Redline (2007)

People bitch about how video games get a bad rap, but these days so many action movies are built around this concept that make them live action video games. It’s impossible not to hate on video games when so many action movies want to convince us that they really could be if a studio tried hard enough. Take “Redline” a movie thankfully obscure due to a poor release date and terrible publicity, but is really just constructed like a video game. We have cut scenes, colorful characters, bosses, and various drivers all of whom are introduced with profiles and name inserts by heroine Natasha who takes great pains to give us back story without the script ever having to do the work to good old fashioned storytelling.

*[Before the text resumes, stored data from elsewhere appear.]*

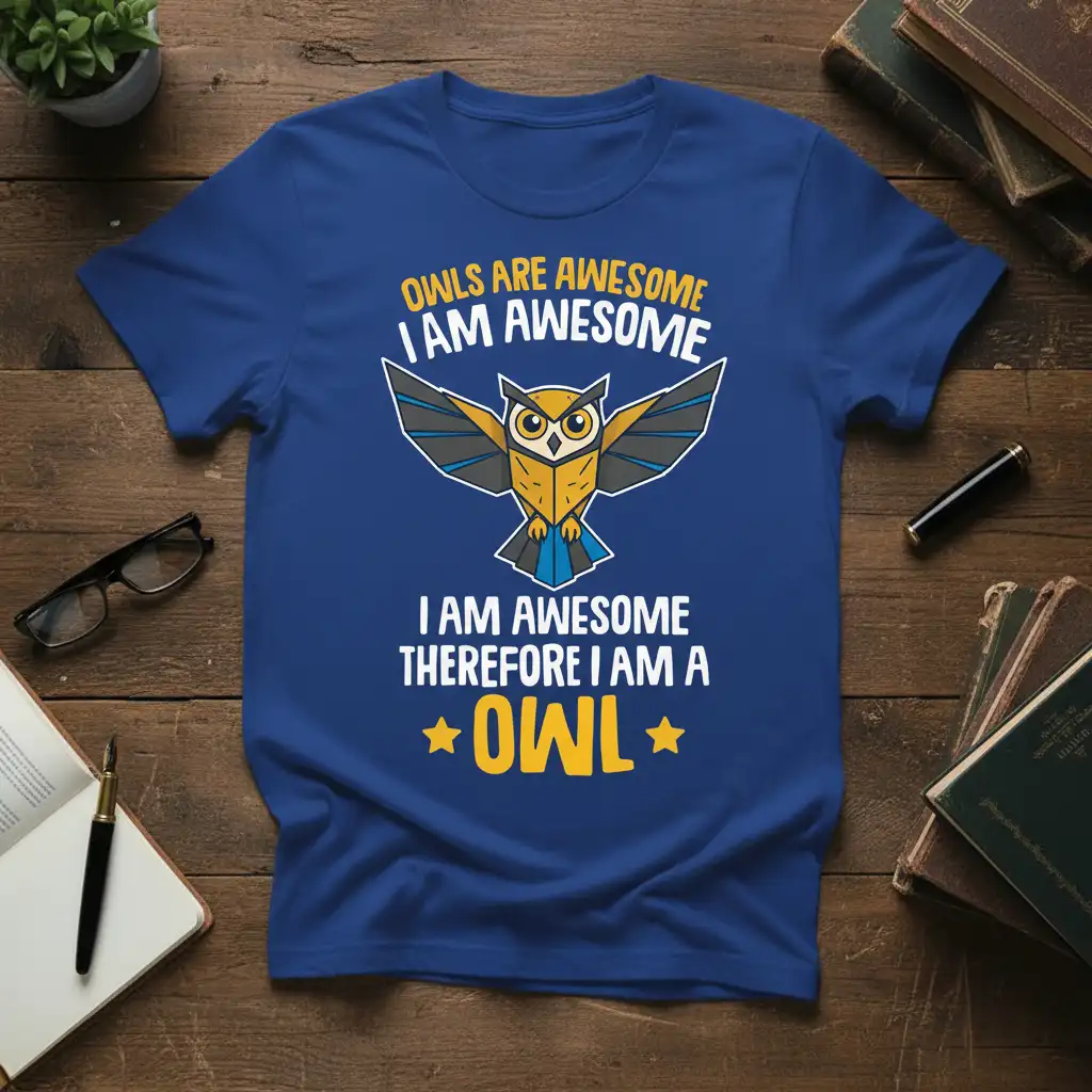 This unique t-shirt proudly displays the full quote “Owls Are Awesome I Am Awesome I Am Awesome Therefore I Am A Owl,” making it instantly recognizable to fans of wordplay and owl appreciation. The design features a stylish illustration of an owl engrossed in a book, perfectly complementing the witty text. It’s designed to be a comfortable and durable addition to any casual outfit, ensuring you look and feel great.
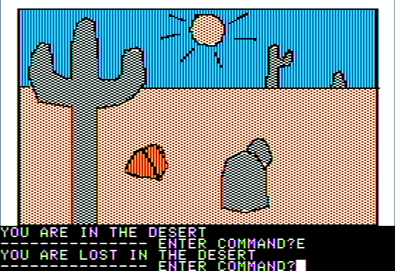 You can >LOOK CACTUS to find THERE IS A HOLE IN ONE CACTUS but the puzzle really requires noticing the visual, which I could see someone missing entirely. So for the player who missed the object, what would their play experience be like? They’d get a lot of YUK, presumably, and maybe try various ways of killing or capturing the parrot. The action could easily devolve into the stereotypical sociopathic adventurer. And this is just with one (relatively straightforward) puzzle! There are plenty of moments where one missed object could cause headaches.
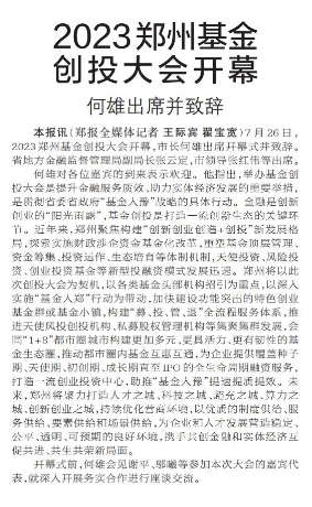 7月26日,2023郑州基金创投大会开幕,市长何雄出席开幕式并致辞。省地方金融监督管理局副局长张云定,市领导张红伟等出席。(今日《郑州日报》1版)

The rest is reliant on really badly CGIed race sequences while folks like Tim Matheson and Eddie Griffin try to pick up the slack. Natasha has a sordid history with driving (of course) but after years of avidly avoiding any and all of it in spite of selling muscle cars and racing them for potential customers (Makes sense…?), she is pulled in to the underground world of illegal racing (obviously) where she confronts her demons once again while evading the law. Just take “The Fast and the Furious” and “Speed Racer” and you have “Redline” in a nutshell. It’s all a very predictable affair that most movie viewers with common sense can figure in seconds flat.

Obviously Nadia Bjorlin wasn’t cast because she’s the next Hepburn, but her performance is so flat, you can barely tell if she’s trying to act or model for the camera. She’s a woman so superb that her make up never smudges even when she’s sleeping or gets in to a car crash, and the closest we see emotions in her is when she’s frowning looking at the newspaper clipping from her dad’s death.  When Bjorlin isn’t mugging for the camera trying to convince us she’s anything but a pin up model, we get an aggravating Eddie Griffin, apathetic Angus McFayden, and bored Tim Matheson all of whom seem about as out of place as Max Von Sydow in “Rush Hour 4.”

Not that we’re comparing Griffin to Von Sydow. “Redline” is your typical brain dead racing flick, and one that doesn’t make me long for the days of B movie, even though in the past this would have been the perfect double bill with a better picture like “Death Race.” And that’s not saying much. It’s your typical studio vehicle so to speak, about the illegal world of underground racing with hot women, no brains, and a paper thin plot that’s basically non-existent or relevant to the events on screen. You’d be better off watching “Death Race 2000.”